_Try it_.
For the data that follows, return each line unchanged and drop the pictures.

_Supplied material_.
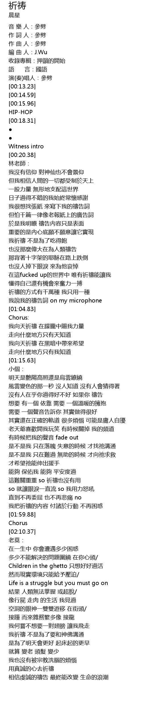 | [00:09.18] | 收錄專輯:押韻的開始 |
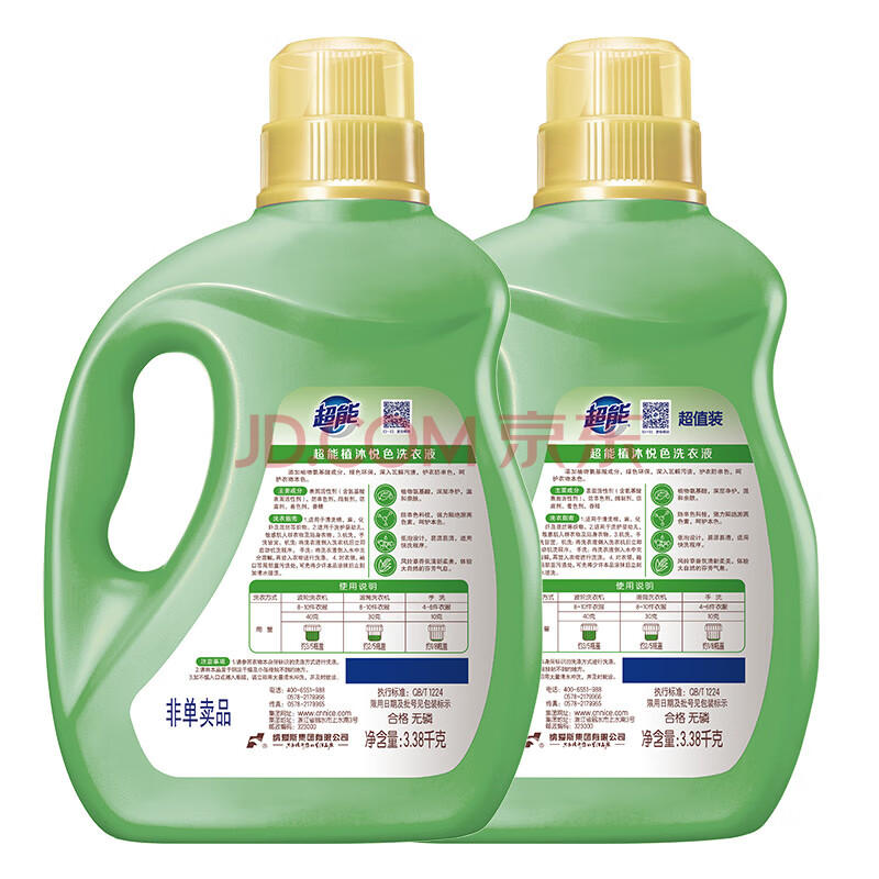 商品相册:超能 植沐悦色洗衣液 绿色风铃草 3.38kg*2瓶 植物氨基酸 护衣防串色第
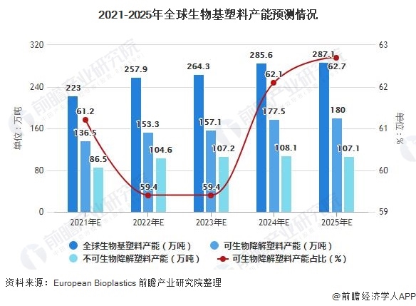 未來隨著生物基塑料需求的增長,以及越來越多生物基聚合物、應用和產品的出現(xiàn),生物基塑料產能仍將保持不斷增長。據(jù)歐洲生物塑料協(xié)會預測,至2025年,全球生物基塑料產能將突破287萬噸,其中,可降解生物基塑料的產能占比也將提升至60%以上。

_Task solution_.
 | [00:09.18] | 收錄專輯:押韻的開始 |
 商品相册:超能 植沐悦色洗衣液 绿色风铃草 3.38kg*2瓶 植物氨基酸 护衣防串色第
 未來隨著生物基塑料需求的增長,以及越來越多生物基聚合物、應用和產品的出現(xiàn),生物基塑料產能仍將保持不斷增長。據(jù)歐洲生物塑料協(xié)會預測,至2025年,全球生物基塑料產能將突破287萬噸,其中,可降解生物基塑料的產能占比也將提升至60%以上。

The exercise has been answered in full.